Copy, word for word, the lines below from the one containing "Mexen Mist-H Duo, 2-krídlový" up to and including the one containing "Convite de aniversário de Foto", with pictures left out.

*** Opening of EXCERPTED RECORDS ***

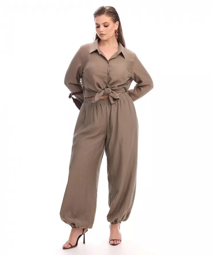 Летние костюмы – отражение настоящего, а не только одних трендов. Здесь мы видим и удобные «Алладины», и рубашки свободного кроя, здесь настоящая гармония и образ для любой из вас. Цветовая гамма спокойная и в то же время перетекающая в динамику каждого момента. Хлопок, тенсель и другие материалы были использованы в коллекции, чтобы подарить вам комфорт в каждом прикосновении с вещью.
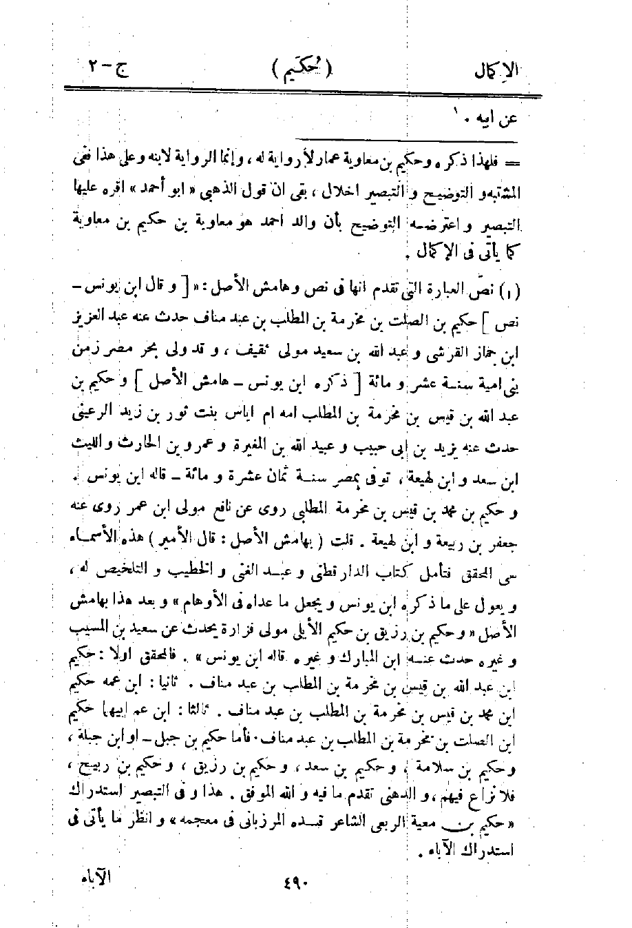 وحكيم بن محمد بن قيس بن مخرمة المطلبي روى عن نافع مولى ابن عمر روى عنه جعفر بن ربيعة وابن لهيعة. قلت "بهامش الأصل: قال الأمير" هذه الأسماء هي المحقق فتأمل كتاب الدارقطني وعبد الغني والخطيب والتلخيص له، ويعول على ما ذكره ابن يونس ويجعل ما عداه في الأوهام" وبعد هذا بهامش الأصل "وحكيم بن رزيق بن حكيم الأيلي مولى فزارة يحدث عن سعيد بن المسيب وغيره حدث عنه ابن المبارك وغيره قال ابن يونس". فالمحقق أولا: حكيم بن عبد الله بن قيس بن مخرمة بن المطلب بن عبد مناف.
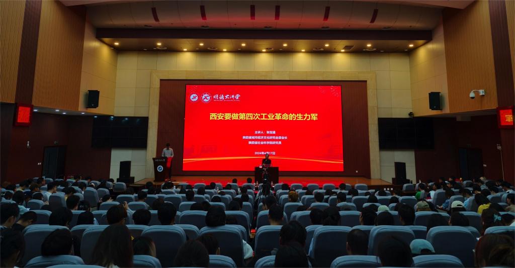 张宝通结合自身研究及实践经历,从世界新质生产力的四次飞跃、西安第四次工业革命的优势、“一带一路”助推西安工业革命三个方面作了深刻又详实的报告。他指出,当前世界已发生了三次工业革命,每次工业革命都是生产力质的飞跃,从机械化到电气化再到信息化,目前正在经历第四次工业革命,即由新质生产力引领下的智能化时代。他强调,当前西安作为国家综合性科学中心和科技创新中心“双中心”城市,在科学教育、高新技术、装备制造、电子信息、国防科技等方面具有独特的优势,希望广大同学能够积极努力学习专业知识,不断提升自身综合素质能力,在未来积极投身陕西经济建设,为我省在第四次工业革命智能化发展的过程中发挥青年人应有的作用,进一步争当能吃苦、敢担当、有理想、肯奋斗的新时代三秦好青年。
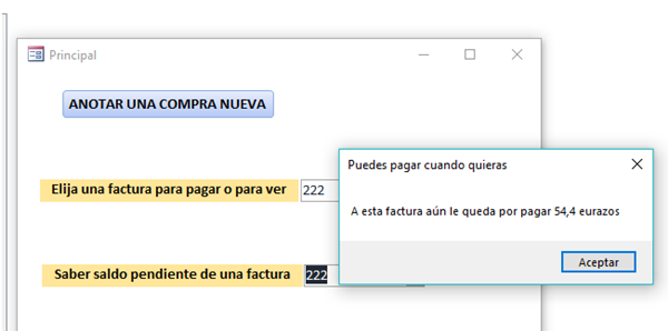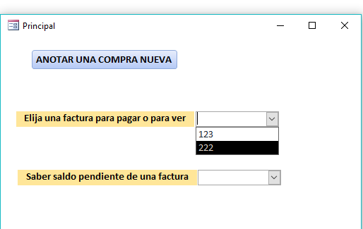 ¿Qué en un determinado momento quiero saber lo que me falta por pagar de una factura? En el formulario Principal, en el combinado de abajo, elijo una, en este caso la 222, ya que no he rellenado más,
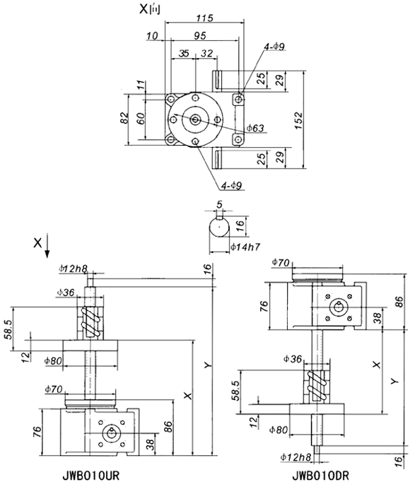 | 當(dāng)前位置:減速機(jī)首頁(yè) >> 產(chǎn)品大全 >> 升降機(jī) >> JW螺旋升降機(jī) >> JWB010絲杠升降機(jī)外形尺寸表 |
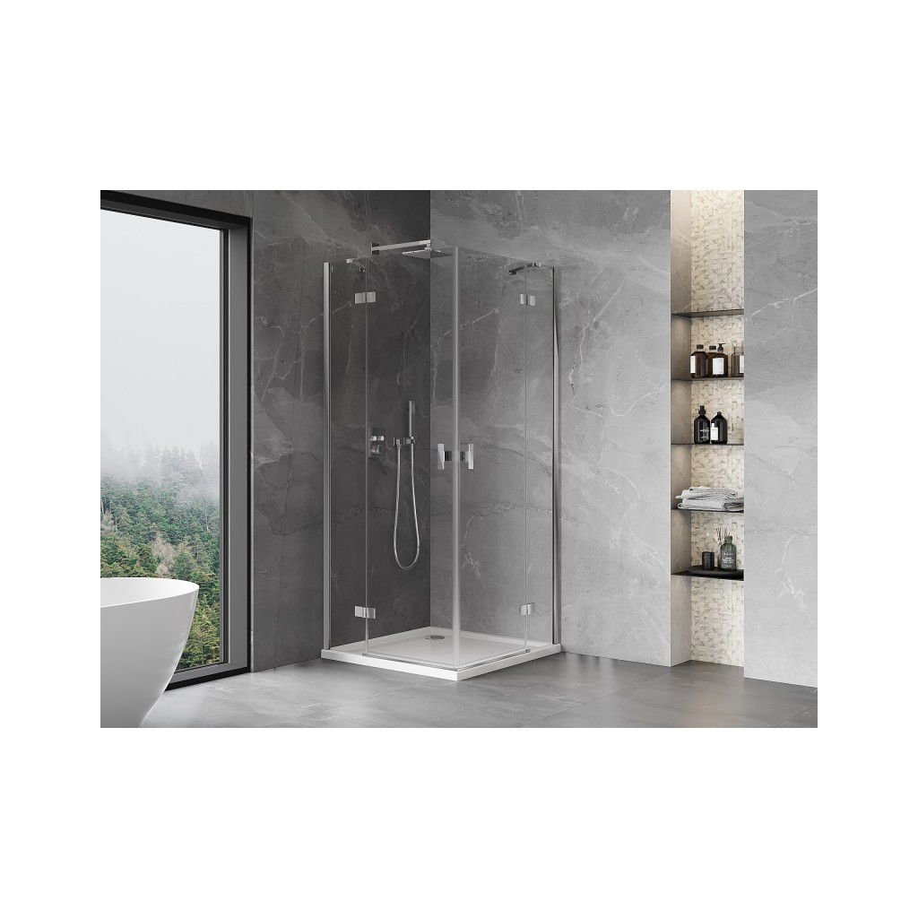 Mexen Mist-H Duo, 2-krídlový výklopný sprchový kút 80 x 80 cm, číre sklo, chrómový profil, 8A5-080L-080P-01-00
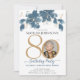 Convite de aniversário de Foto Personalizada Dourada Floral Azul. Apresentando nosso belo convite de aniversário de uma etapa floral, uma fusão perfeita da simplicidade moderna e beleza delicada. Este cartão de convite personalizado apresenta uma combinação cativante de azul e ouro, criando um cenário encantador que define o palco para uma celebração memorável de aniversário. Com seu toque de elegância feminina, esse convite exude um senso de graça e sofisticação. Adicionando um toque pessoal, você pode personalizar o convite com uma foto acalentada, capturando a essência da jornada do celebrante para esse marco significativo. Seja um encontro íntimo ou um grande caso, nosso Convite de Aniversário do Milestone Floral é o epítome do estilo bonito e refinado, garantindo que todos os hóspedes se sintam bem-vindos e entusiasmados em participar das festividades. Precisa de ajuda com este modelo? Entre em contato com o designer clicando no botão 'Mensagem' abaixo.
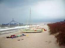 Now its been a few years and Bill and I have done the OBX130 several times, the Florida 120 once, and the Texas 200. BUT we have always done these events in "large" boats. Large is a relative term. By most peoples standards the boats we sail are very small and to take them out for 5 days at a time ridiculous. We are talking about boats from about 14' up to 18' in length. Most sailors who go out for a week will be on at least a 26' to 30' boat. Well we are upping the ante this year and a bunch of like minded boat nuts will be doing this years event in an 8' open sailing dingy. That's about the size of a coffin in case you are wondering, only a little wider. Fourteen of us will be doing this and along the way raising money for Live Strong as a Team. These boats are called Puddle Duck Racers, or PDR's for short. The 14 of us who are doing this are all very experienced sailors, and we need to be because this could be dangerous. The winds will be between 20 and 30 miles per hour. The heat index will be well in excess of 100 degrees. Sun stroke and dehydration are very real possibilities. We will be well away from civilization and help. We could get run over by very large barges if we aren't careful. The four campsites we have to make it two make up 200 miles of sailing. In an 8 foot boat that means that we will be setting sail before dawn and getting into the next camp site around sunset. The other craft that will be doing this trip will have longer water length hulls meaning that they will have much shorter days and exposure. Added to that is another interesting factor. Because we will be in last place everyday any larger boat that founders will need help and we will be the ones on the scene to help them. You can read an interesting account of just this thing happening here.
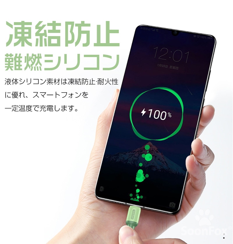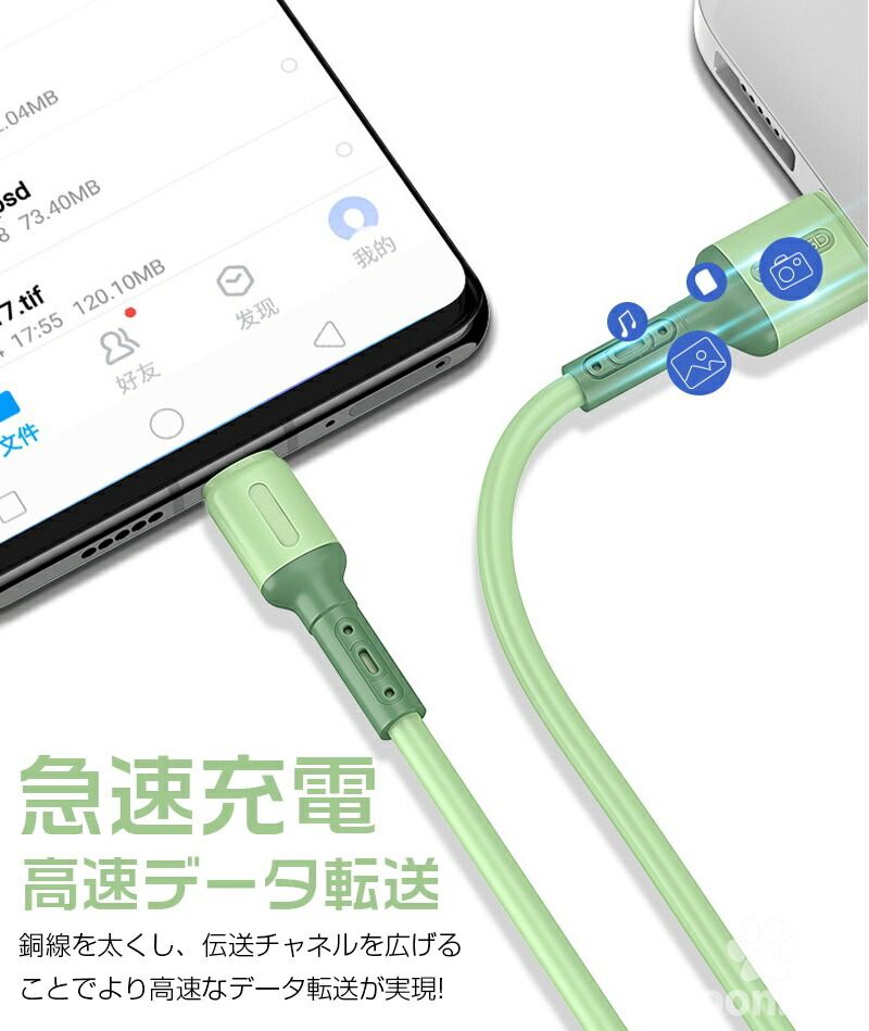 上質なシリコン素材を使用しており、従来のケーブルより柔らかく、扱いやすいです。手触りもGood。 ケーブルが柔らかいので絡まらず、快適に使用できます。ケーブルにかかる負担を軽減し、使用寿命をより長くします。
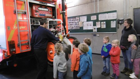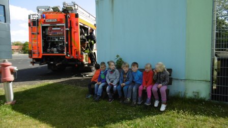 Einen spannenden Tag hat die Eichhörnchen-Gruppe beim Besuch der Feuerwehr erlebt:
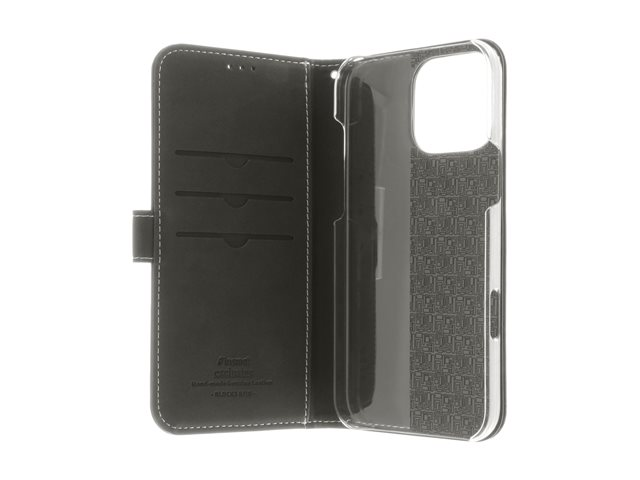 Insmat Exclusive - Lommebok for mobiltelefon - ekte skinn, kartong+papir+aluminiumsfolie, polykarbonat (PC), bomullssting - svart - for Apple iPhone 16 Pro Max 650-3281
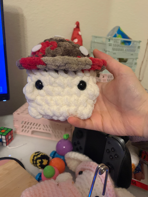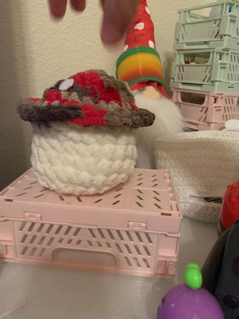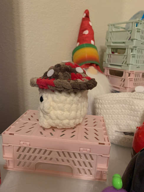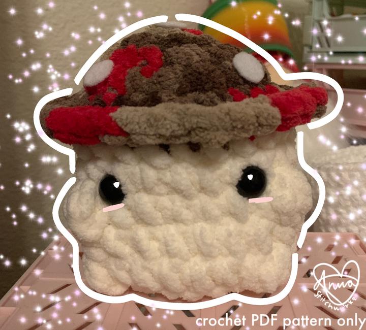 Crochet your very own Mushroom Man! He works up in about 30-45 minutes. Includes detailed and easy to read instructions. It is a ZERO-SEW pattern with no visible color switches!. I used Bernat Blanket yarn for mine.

*** Close of EXCERPTED RECORDS ***

_RESULT OF THIS EXERCISE_
 Mexen Mist-H Duo, 2-krídlový výklopný sprchový kút 80 x 80 cm, číre sklo, chrómový profil, 8A5-080L-080P-01-00
 Convite de aniversário de Foto Personalizada Dourada Floral Azul. Apresentando nosso belo convite de aniversário de uma etapa floral, uma fusão perfeita da simplicidade moderna e beleza delicada. Este cartão de convite personalizado apresenta uma combinação cativante de azul e ouro, criando um cenário encantador que define o palco para uma celebração memorável de aniversário. Com seu toque de elegância feminina, esse convite exude um senso de graça e sofisticação. Adicionando um toque pessoal, você pode personalizar o convite com uma foto acalentada, capturando a essência da jornada do celebrante para esse marco significativo. Seja um encontro íntimo ou um grande caso, nosso Convite de Aniversário do Milestone Floral é o epítome do estilo bonito e refinado, garantindo que todos os hóspedes se sintam bem-vindos e entusiasmados em participar das festividades. Precisa de ajuda com este modelo? Entre em contato com o designer clicando no botão 'Mensagem' abaixo.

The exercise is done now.